Geliat kota Jakarta juga memanggil para pekerja informal kembali mengadu nasib. Tak terkecuali starling, pedagang kopi keliling.
Oleh
INSAN ALFAJRI
·3 menit baca
Pedagang kopi mulai berkeliling. Mereka yang diberi sebutan ”Starling” ini ikut mengais rezeki seiring pelonggaran aktivitas ekonomi di Jakarta. Pembeli yang belum sebanyak hari biasa pun menumbuhkan asa para pengadu nasib di Ibu Kota ini.
Senin (15/6/2020) pukul 08.30 sampai 09.000, sudah lima orang memesan kopi Yadi (32), pedagang kopi di sekitar Patung Arjuna Wiwaha, Jakarta Pusat. Pria asal Madura ini baru tiga hari berjualan. ”(Jumlah) pelanggan masih belum normal. Tapi lumayanlah sudah bisa jualan setelah dua bulan nganggur di kampung,” ujarnya.
Pada hari normal, Yadi bisa mengantongi Rp 150.000 per hari. Selama tiga hari terakhir, omzetnya tak sampai Rp 100.000 per hari. Akan tetapi, pendapatan yang disaringnya dari berjualan kopi itu dinilai lebih baik ketimbang menganggur.
Kamis (11/6/2020) lalu, Yadi kembali dari Madura setelah lebih kurang dua bulan menganggur di kampung halaman. Selama menganggur, dia membantu orangtua menggarap ladang jagung.

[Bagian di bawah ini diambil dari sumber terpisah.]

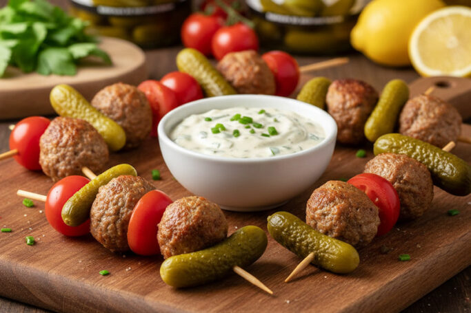 Esta receta eleva un clásico como las albóndigas, convirtiéndolas en una tapa sofisticada y fresca, donde los pepinillos juegan un papel crucial tanto en el sabor como en la textura.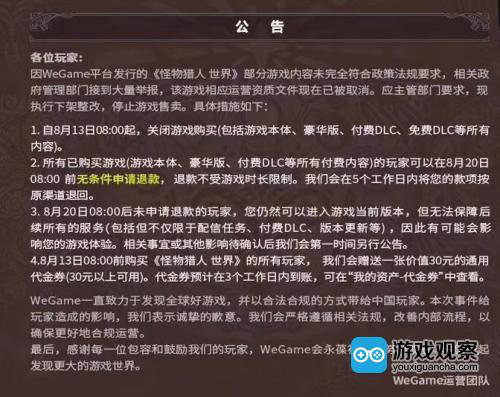 值得一提的是,版号停发期间,WeGame版《怪物猎人 世界》惨遭下架, 享年4天19小时。在这之后,“中国游戏最黑暗的时刻”、“有组织的大量举报”之类的言论层出不穷,“现在我只想做个好人”的腾讯也发现原来他仍然没有选择。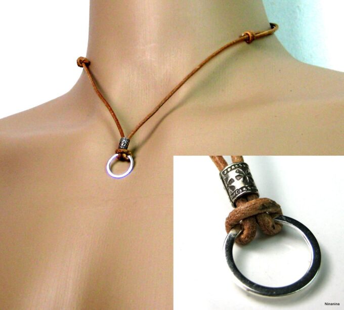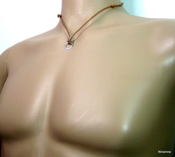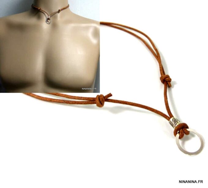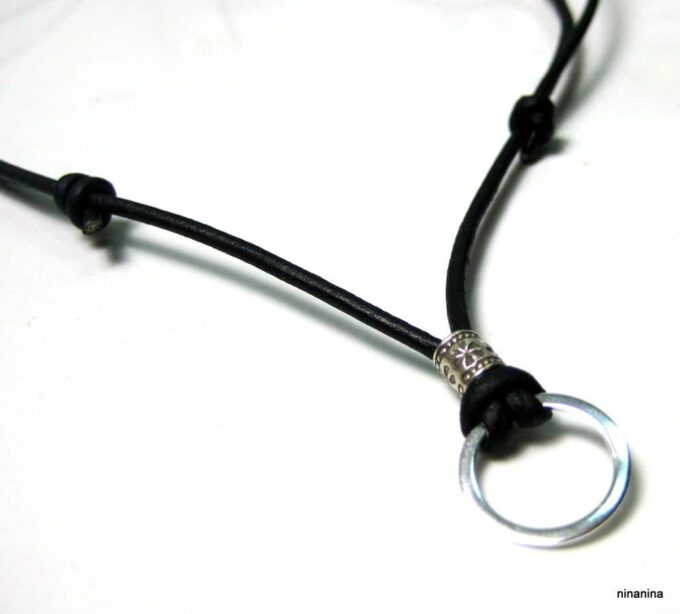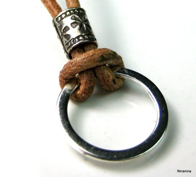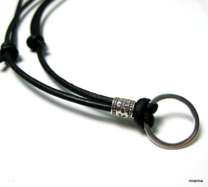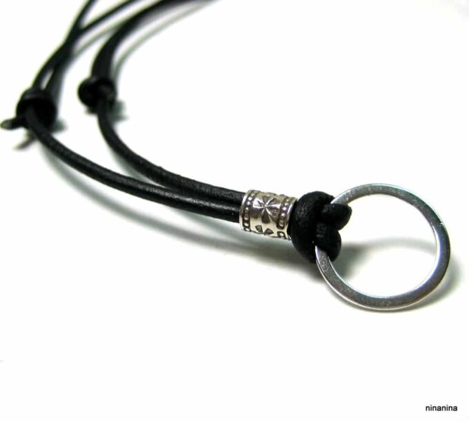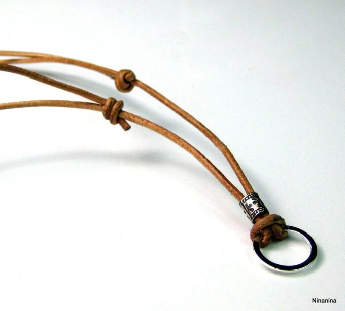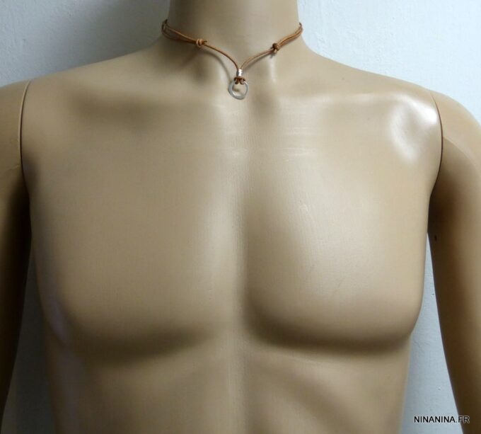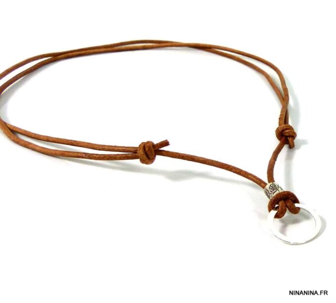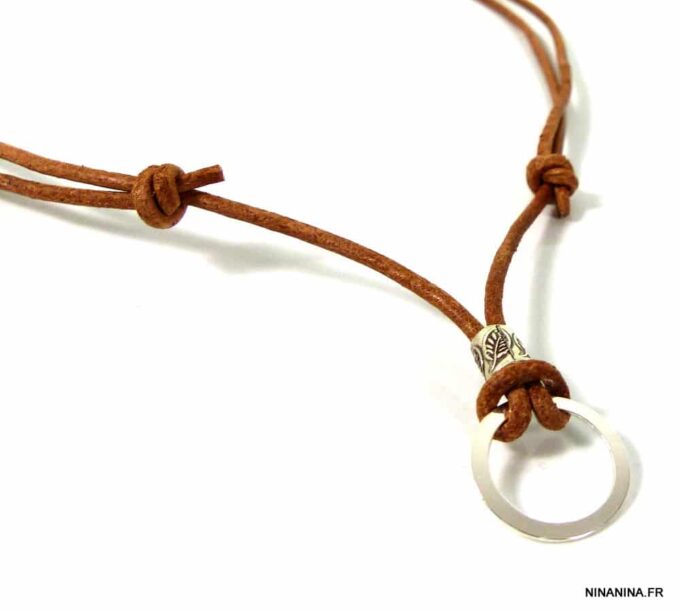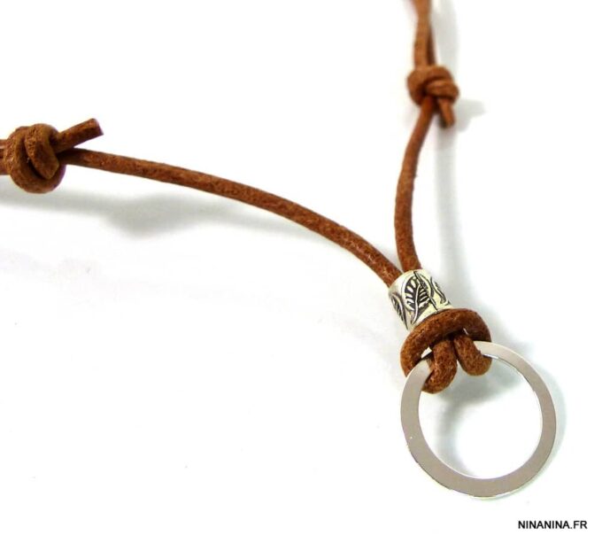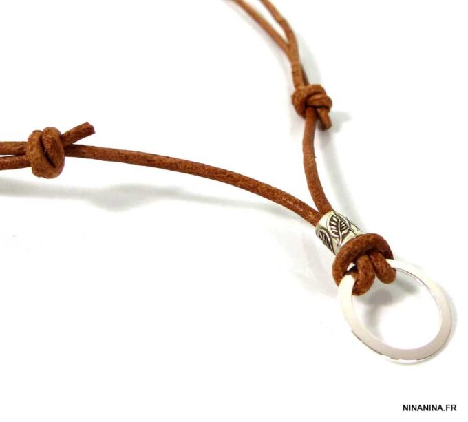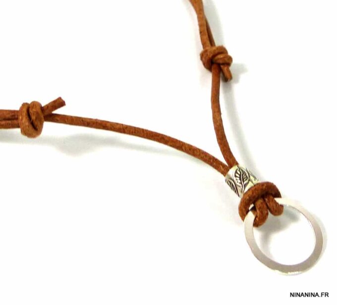 Collier homme cordon cuir anneau argent massif composé d’un anneau et d’une perle cylindrique ciselée en argent 925 montés sur un double cordon de cuir naturel.

Untuk kembali ke Jakarta pada masa PSBB transisi ini pun tidak mudah. Yadi harus merogoh kocek Rp 750.000. Dia membayar tiga kali lipat dari ongkos normal karena menggunakan jasa travel liar. ”Kalau enggak begitu, susah masuk ke Jakarta,” katanya.
Di Stasiun Sudirman, Jakarta, Subandi (28) melayani tentara penjaga stasiun yang memesan kopi dari balik pagar. Sudah dua hari ia berjualan di tempat ini.
Sebelumnya, ayah tiga anak ini pulang kampung ke Bogor, Jawa Barat. Dia tidak berani tinggal di rumah mertuanya di Matraman, Jakarta Timur, selama menganggur. ”Malulah, masa cuma numpang makan. Lama-lama bisa
diomelin mertua. Mending garap sawah dulu di kampung,” katanya.
Seperti pengalaman Yadi, Subandi pun merasakan berkurangnya jumlah pembeli. Dia biasanya bisa mengumpulkan Rp 300.000 dari pagi hingga pukul 15.00. Kini, ia berdagang hingga Maghrib dan hanya mengumpulkan Rp 100.000.
Sementara itu, hidup tak pernah berhenti menyerap rupiah. Anaknya yang paling besar tamat SD tahun ini. Dia berharap anaknya bisa masuk SMP negeri agar hemat biaya. ”Kalau sampai masuk sekolah swasta, aduh!” katanya.
Di Jalan Palmerah Timur, tepatnya di depan Gedung Manggala Wanabakti, Yunita (54) berjualan kopi sambil menidurkan anaknya di tikar yang digelar di atas trotoar. Pedagang starling asal Solo, Jawa Tengah, ini baru menggelar lapak setelah Lebaran.
Selama Ramadhan, ia beralih profesi menjadi pengemis. Bermodal gerobak dan membawa anak bungsungnya yang berusia tiga tahun, ia menunggu filantrop di sepanjang Jalan Pejompongan, Jakarta Pusat. ”Anak saya sampai item tuh kulitnya, ha-ha-ha,” katanya.
Subandi pun merasakan berkurangnya jumlah pembeli. Dia biasanya bisa mengumpulkan Rp 300.000 dari pagi hingga pukul 15.00. Kini, ia berdagang hingga Maghrib dan hanya mengumpulkan Rp 100.000. Sementara itu, hidup tak pernah berhenti menyerap rupiah. Anaknya yang paling besar tamat SD tahun ini. Dia berharap anaknya bisa masuk SMP negeri agar hemat biaya.
Menjadi pengemis—ia menyebutnya ngegembel—justru lebih baik ketimbang berjualan starling saat Ramadhan. Mobilitas warga yang masih dibatasi waktu itu membuatnya hanya bisa mengumpulkan Rp 40.000 per hari. Dikurangi modal, ia hanya mendapatkan sebungkus nasi.
”Mending ngegembel. Kalau sore dapat sembako, takjil. Kalau lagi beruntung, ada yang ngasih duit,” katanya.
Kini, Yunita kembali beraksi. Dia dan suaminya yang juga pedagang kopi keliling kembali menyisir jalanan Ibu Kota. Targetnya sederhana: membayar tunggakan sewa kontrakan Rp 400.000 yang sudah 2 bulan ini belum lunas.